Required MLOps/Data Engineer
Job Description Summary:
You will design, develop, and optimize ML model pipelines, and scale our models from research to production.
Responsibilities:
Building and improving our engineering infrastructure to enable and scale our applied algorithmic research and development. On a day to day, some of your responsibilities will include:
Design, Develop, Test and Maintain ETLs and services for integrating with our customers various data systems.
Design, Develop, Test and Maintain ETLs and services for building our own data processes to accommodate applied research needs as well as production needs.
Finding performance bottlenecks in our data pipelines and our machine learning pipelines and resolving them
Develop end-to-end algorithmic solutions for complex ML problems from research and training models, through design, development, evaluation and optimization.

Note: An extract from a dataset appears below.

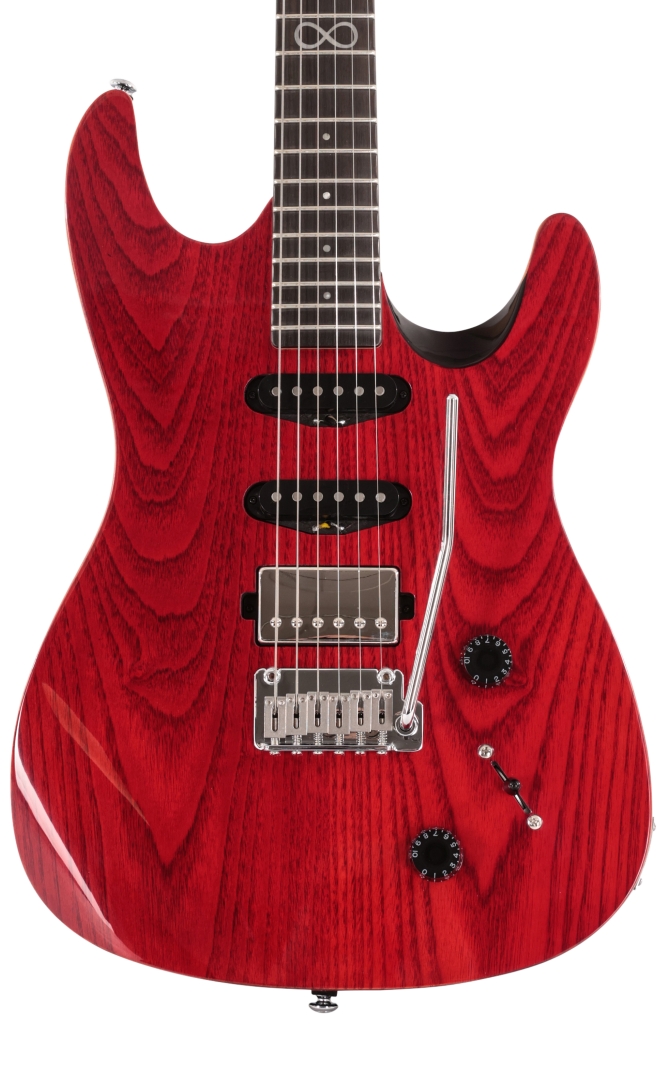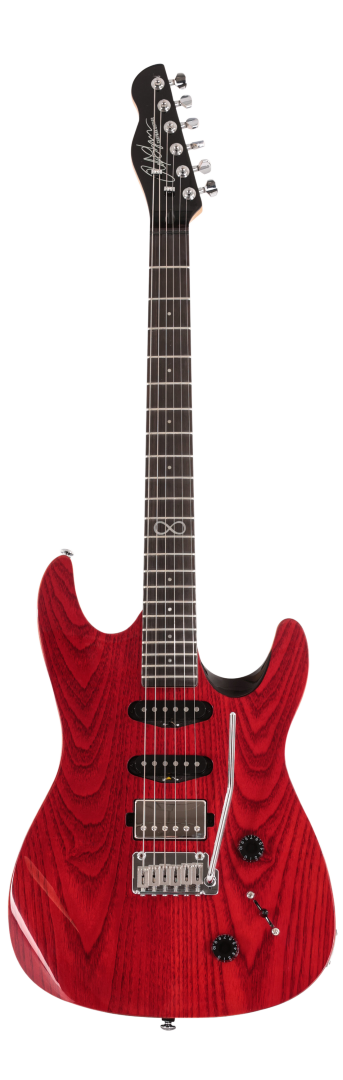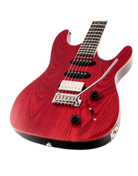 A modern recessed bolt-on neck construction with ergonomic cutaways, combined with a slick satin-finished Maple neck and Macassar Ebony fingerboard are perfectly designed for hours of comfortable and tasty shredding. An Ash top with a Deep Red Gloss finish makes for one head-turning guitar, as well as adding just enough brightness to the warmth of the Mahogany body.

Develop train and inference engine pipelines in a large scale distributed system.
Transform NLP and data related ML/DL algorithmic approaches into efficient and optimized production-ready solutions.
Design, Implement and Optimize ML/DL and research pipelines to improve algorithms performance.
Transform high-level product requirements into technical requirements
Brainstorm and prototype algorithmic improvements.
Work in an ambiguous environment and collect requirements from different personas in the company (Product, FE, Research, etc.)
Advise and collaborate with researchers on DL software engineering aspects (such as tools and practices).
Requirements: M.Sc. (Phd preferred) in Computer Science, Engineer, or equivalent, ideally with a thesis in deep learning
Proven track record in MLOps, ML/DL engineering
High proficiency in Python and its data science stack (Pandas, sklearn, etc.).
Deep understanding of artificial deep neural networks architectures, algorithms, infrastructure, tooling and practices, ideally in NLP/NLU/NLG.
Hands-on experience with design, implementation and optimization of deep learning models using common frameworks (TensorFlow, PyTorch, HuggingFace, etc.)
Model optimization techniques familiarity with testing and hyperparameter optimization tools and frameworks.
3+ years of hands-on experience in engineering in production environments
2+ years of experience in ML
Experience in the following technologies: Dockers, Kubernetes, Aws, MongoDB
End to end experience owning feature from an idea stage, through design, architecture, coding, integration, deployment, and monitoring stages
Advantages:
NLP/NLU/NLG experience in document classification, text generation, summarization, NER
Proven ability of conducting reproducible applied research in ML
Working with medical data on healthcare data projects
Experience in the following technologies: Spark/Hadoop, Airflow, Redis, Kafka
Go programming language proficiency.
This position is open to all candidates.